[Recorded data]
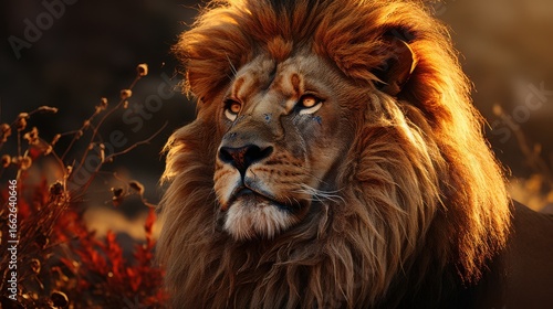 © Ummeya, Fototapeta premium Majestic creature with a golden mane in a natural setting
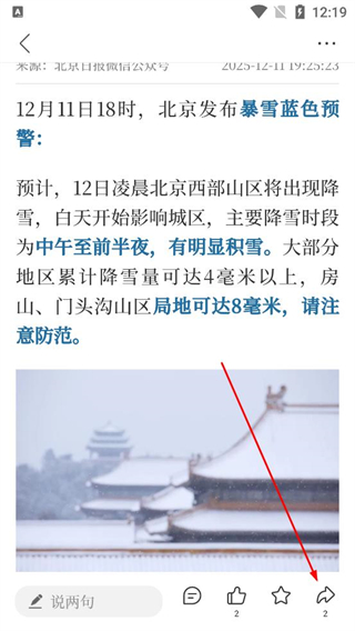 3、在資訊詳情頁閱讀預警內容,找到頁面底部的分享按鈕,點擊彈出分享選項界面。
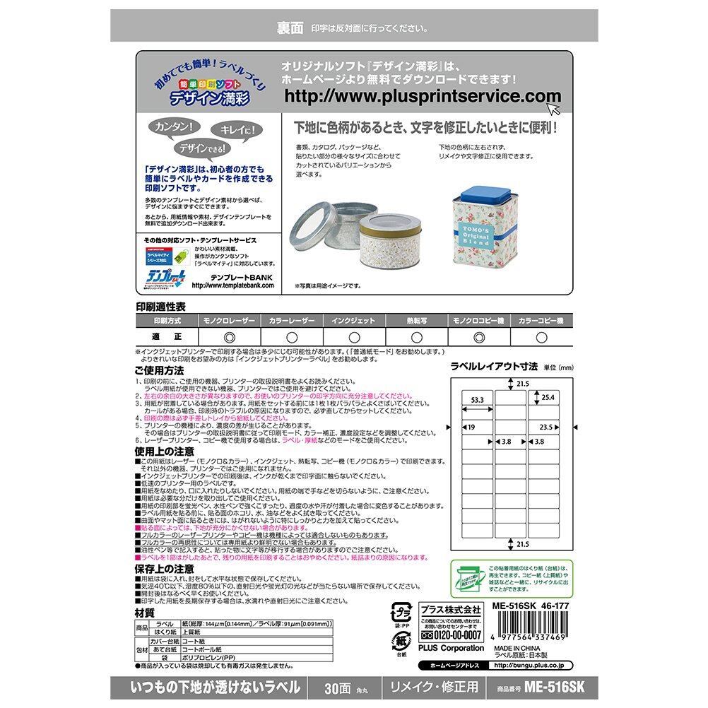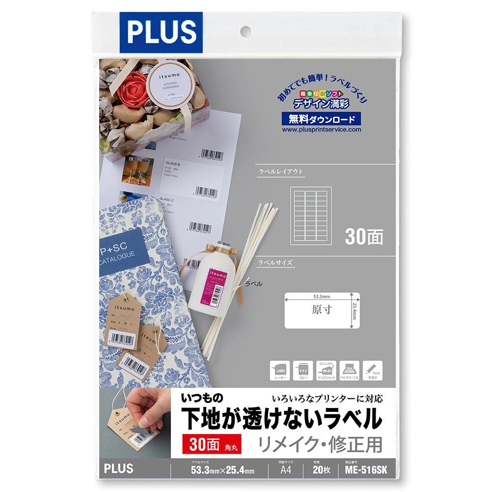 プラス ラベル いつもの下地が透けないラベル 修正 A4 3×10片 30面 20枚 46-177
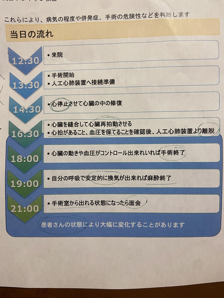 7月6日に手術予定だった時のスケジュール表なので、時間は違いますが流れはこんなかんじです。
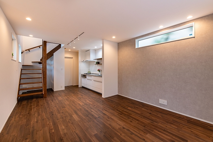 別の角度から撮影したLDKです。床材にはアカシアの無垢材を使っています。キッチン側面の壁は耐震等級3を取得するために設けた耐力壁です。
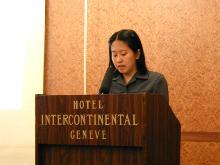 会上大法学员讲述了自去年联合国人权会议通过“不动议”决议以来,至今又有170多位大法学员在中国的监狱中被虐待致死。通过幻灯片,学员们介绍了被酷刑折磨致死的三个弟子的事例,其中包括一位年青的母亲和她的仅8个月的孩子。会中,65岁的徐女士(一位来自中国大陆的大法弟子)讲述了她在中国监狱里受到的迫害。她两次被强行灌食,两次被过电,在非人的虐待中她被折磨得昏迷长达一天半之久。尽管如此,她仍然没有放弃自己的信仰。另一位大法弟子蒋女士的证词进一步揭露了江泽民犯罪集团对大法学员及其亲友株连迫害的罪恶行径。
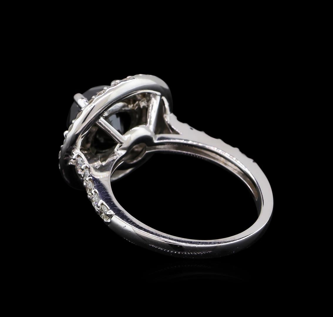 One ring featuring: 14KT white gold weighing 5.17 grams containing one black diamond with a total weight of 2.72ct and side diamonds with a total weight of 0.64ct.
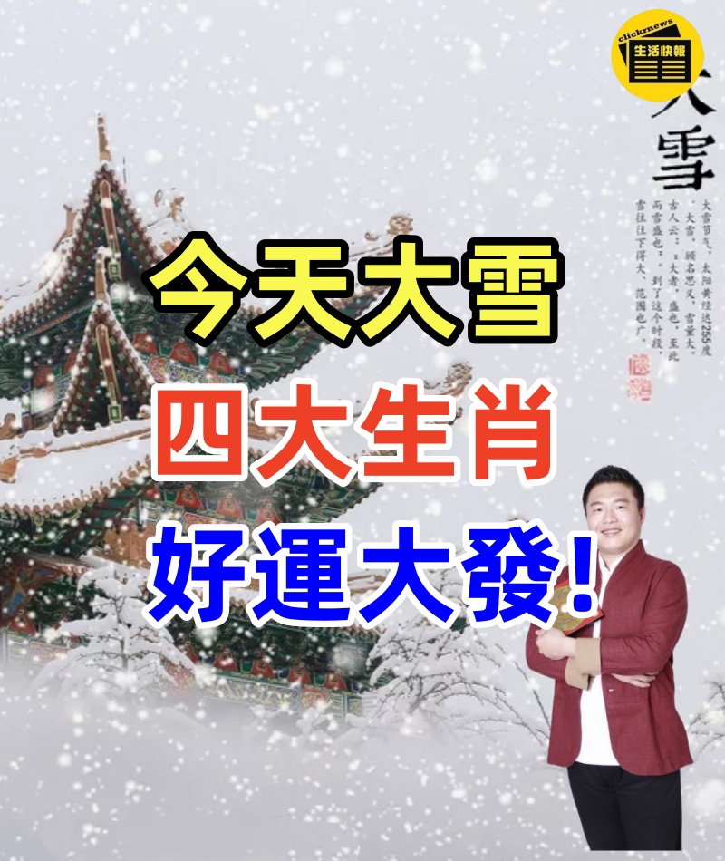 1/3 今天大雪 四生肖 好運大發 生肖鼠 屬鼠的朋友機靈聰慧,在大雪後將迎來一波新的運勢。 事業方面,屬鼠者有望得到貴人提攜,同時也可能會有許多公司拋出橄欖枝,只要能夠妥善運用自身智慧並隨機應變,勢必能走出一條屬於自己的康莊大道。 至於感情部分,屬鼠者可能將有意外驚喜,有
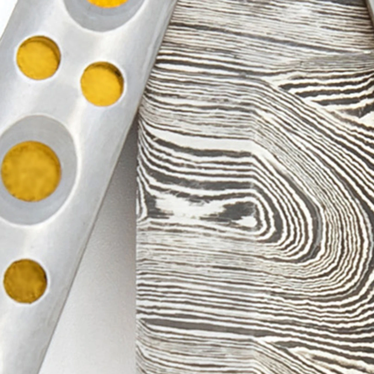 Anyone who has ever been gold panning in a river knows the rush of sifting through muck in search of shining gold pieces. No, it doesn’t sound very fun, but anyone who ever found gold while panning still has it in that little plastic tube somewhere. The Gold Panning Butterfly Knife has that exact inexplicable attitude. The handles are silver with large and small holes through them. What is interesting about this is that the frame underneath is gold colored so the flair in the Gold Panning is muted with small insurrections of color. The blade is in a drop point style constructed of Damascus steel which is durable and won’t lose an edge do quickly. The aluminum handles won’t fall behind either in terms of durability. The Gold Panning Butterfly Knife comes equipped with a lock connected to the base of the left handle. Simply close the knife and slide the lock into the right handle and the knife will stay closed. Overall Length: 9 Inches, Blade Length: 4.75 Inches

Exercise description: Starting with the line that has "3、在資訊詳情頁閱讀預警內容,找到頁面底部的分享按鈕,點擊彈出分享選項界面。" and ending with the last line of the records, retype every line exactly and only those lines. Do not include the pictures.

Your response:
 3、在資訊詳情頁閱讀預警內容,找到頁面底部的分享按鈕,點擊彈出分享選項界面。
 プラス ラベル いつもの下地が透けないラベル 修正 A4 3×10片 30面 20枚 46-177
 7月6日に手術予定だった時のスケジュール表なので、時間は違いますが流れはこんなかんじです。
 別の角度から撮影したLDKです。床材にはアカシアの無垢材を使っています。キッチン側面の壁は耐震等級3を取得するために設けた耐力壁です。
 会上大法学员讲述了自去年联合国人权会议通过“不动议”决议以来,至今又有170多位大法学员在中国的监狱中被虐待致死。通过幻灯片,学员们介绍了被酷刑折磨致死的三个弟子的事例,其中包括一位年青的母亲和她的仅8个月的孩子。会中,65岁的徐女士(一位来自中国大陆的大法弟子)讲述了她在中国监狱里受到的迫害。她两次被强行灌食,两次被过电,在非人的虐待中她被折磨得昏迷长达一天半之久。尽管如此,她仍然没有放弃自己的信仰。另一位大法弟子蒋女士的证词进一步揭露了江泽民犯罪集团对大法学员及其亲友株连迫害的罪恶行径。
 One ring featuring: 14KT white gold weighing 5.17 grams containing one black diamond with a total weight of 2.72ct and side diamonds with a total weight of 0.64ct.
 1/3 今天大雪 四生肖 好運大發 生肖鼠 屬鼠的朋友機靈聰慧,在大雪後將迎來一波新的運勢。 事業方面,屬鼠者有望得到貴人提攜,同時也可能會有許多公司拋出橄欖枝,只要能夠妥善運用自身智慧並隨機應變,勢必能走出一條屬於自己的康莊大道。 至於感情部分,屬鼠者可能將有意外驚喜,有
 Anyone who has ever been gold panning in a river knows the rush of sifting through muck in search of shining gold pieces. No, it doesn’t sound very fun, but anyone who ever found gold while panning still has it in that little plastic tube somewhere. The Gold Panning Butterfly Knife has that exact inexplicable attitude. The handles are silver with large and small holes through them. What is interesting about this is that the frame underneath is gold colored so the flair in the Gold Panning is muted with small insurrections of color. The blade is in a drop point style constructed of Damascus steel which is durable and won’t lose an edge do quickly. The aluminum handles won’t fall behind either in terms of durability. The Gold Panning Butterfly Knife comes equipped with a lock connected to the base of the left handle. Simply close the knife and slide the lock into the right handle and the knife will stay closed. Overall Length: 9 Inches, Blade Length: 4.75 Inches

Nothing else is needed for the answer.